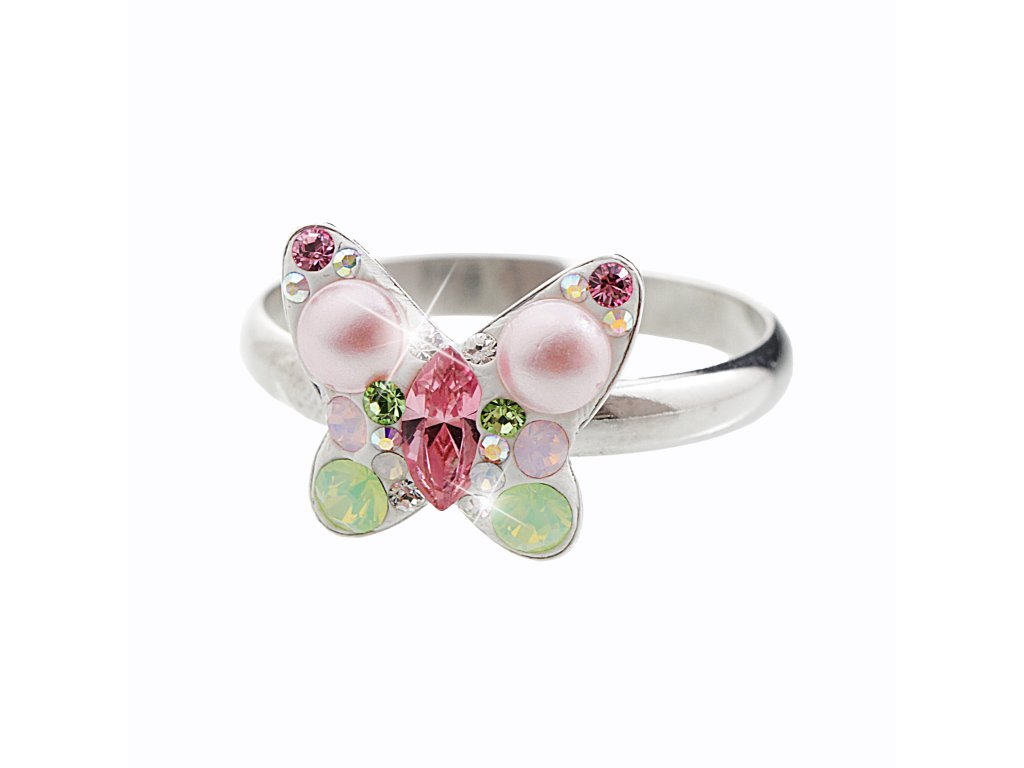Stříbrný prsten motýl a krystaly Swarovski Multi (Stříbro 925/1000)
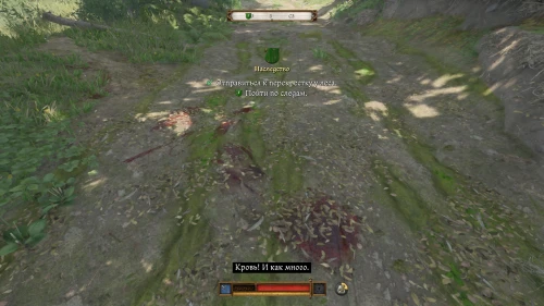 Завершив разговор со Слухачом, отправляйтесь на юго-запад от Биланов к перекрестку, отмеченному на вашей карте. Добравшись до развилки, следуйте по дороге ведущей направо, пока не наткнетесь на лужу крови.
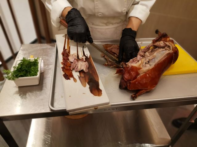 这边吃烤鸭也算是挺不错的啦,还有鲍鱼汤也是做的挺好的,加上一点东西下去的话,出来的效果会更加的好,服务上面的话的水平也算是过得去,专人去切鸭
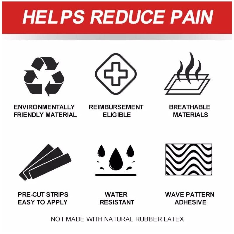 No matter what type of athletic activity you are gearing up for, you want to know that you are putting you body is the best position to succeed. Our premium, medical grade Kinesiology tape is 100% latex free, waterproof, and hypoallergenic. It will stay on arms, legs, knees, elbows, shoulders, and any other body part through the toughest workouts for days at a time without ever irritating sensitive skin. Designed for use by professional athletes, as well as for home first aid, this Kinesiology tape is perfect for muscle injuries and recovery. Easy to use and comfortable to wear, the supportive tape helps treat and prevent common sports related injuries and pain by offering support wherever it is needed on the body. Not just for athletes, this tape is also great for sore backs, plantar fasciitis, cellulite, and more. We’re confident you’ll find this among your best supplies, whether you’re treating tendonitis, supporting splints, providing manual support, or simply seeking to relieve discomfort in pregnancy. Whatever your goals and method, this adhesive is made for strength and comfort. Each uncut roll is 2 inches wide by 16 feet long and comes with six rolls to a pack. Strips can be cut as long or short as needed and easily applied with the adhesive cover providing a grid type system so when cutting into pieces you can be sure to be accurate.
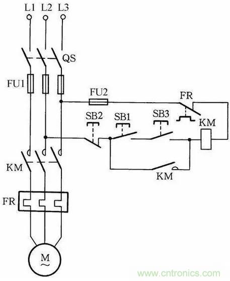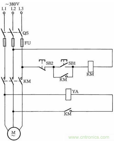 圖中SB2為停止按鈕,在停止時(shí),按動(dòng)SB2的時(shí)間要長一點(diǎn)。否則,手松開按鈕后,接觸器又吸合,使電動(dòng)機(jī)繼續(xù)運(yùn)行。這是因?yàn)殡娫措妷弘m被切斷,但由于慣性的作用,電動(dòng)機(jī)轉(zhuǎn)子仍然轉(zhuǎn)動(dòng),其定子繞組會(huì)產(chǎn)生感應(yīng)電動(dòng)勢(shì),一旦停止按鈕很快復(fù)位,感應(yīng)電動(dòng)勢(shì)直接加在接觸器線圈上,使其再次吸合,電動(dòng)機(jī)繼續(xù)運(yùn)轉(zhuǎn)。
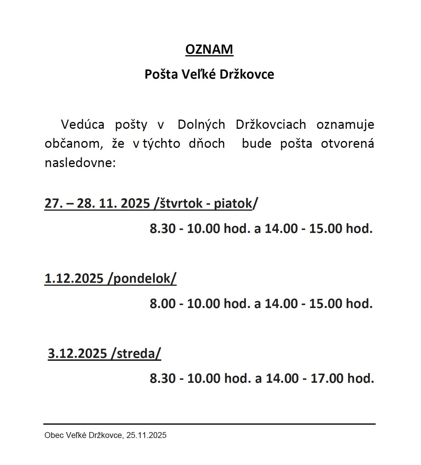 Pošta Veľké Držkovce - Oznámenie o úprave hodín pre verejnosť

=-=-=-=-=

**WHAT YOU WILL DO**
Give back the full listing verbatim, skipping each picture.

**SOLVED PROBLEM**
Stříbrný prsten motýl a krystaly Swarovski Multi (Stříbro 925/1000)
 Завершив разговор со Слухачом, отправляйтесь на юго-запад от Биланов к перекрестку, отмеченному на вашей карте. Добравшись до развилки, следуйте по дороге ведущей направо, пока не наткнетесь на лужу крови.
 这边吃烤鸭也算是挺不错的啦,还有鲍鱼汤也是做的挺好的,加上一点东西下去的话,出来的效果会更加的好,服务上面的话的水平也算是过得去,专人去切鸭
 No matter what type of athletic activity you are gearing up for, you want to know that you are putting you body is the best position to succeed. Our premium, medical grade Kinesiology tape is 100% latex free, waterproof, and hypoallergenic. It will stay on arms, legs, knees, elbows, shoulders, and any other body part through the toughest workouts for days at a time without ever irritating sensitive skin. Designed for use by professional athletes, as well as for home first aid, this Kinesiology tape is perfect for muscle injuries and recovery. Easy to use and comfortable to wear, the supportive tape helps treat and prevent common sports related injuries and pain by offering support wherever it is needed on the body. Not just for athletes, this tape is also great for sore backs, plantar fasciitis, cellulite, and more. We’re confident you’ll find this among your best supplies, whether you’re treating tendonitis, supporting splints, providing manual support, or simply seeking to relieve discomfort in pregnancy. Whatever your goals and method, this adhesive is made for strength and comfort. Each uncut roll is 2 inches wide by 16 feet long and comes with six rolls to a pack. Strips can be cut as long or short as needed and easily applied with the adhesive cover providing a grid type system so when cutting into pieces you can be sure to be accurate.
 圖中SB2為停止按鈕,在停止時(shí),按動(dòng)SB2的時(shí)間要長一點(diǎn)。否則,手松開按鈕后,接觸器又吸合,使電動(dòng)機(jī)繼續(xù)運(yùn)行。這是因?yàn)殡娫措妷弘m被切斷,但由于慣性的作用,電動(dòng)機(jī)轉(zhuǎn)子仍然轉(zhuǎn)動(dòng),其定子繞組會(huì)產(chǎn)生感應(yīng)電動(dòng)勢(shì),一旦停止按鈕很快復(fù)位,感應(yīng)電動(dòng)勢(shì)直接加在接觸器線圈上,使其再次吸合,電動(dòng)機(jī)繼續(xù)運(yùn)轉(zhuǎn)。
 Pošta Veľké Držkovce - Oznámenie o úprave hodín pre verejnosť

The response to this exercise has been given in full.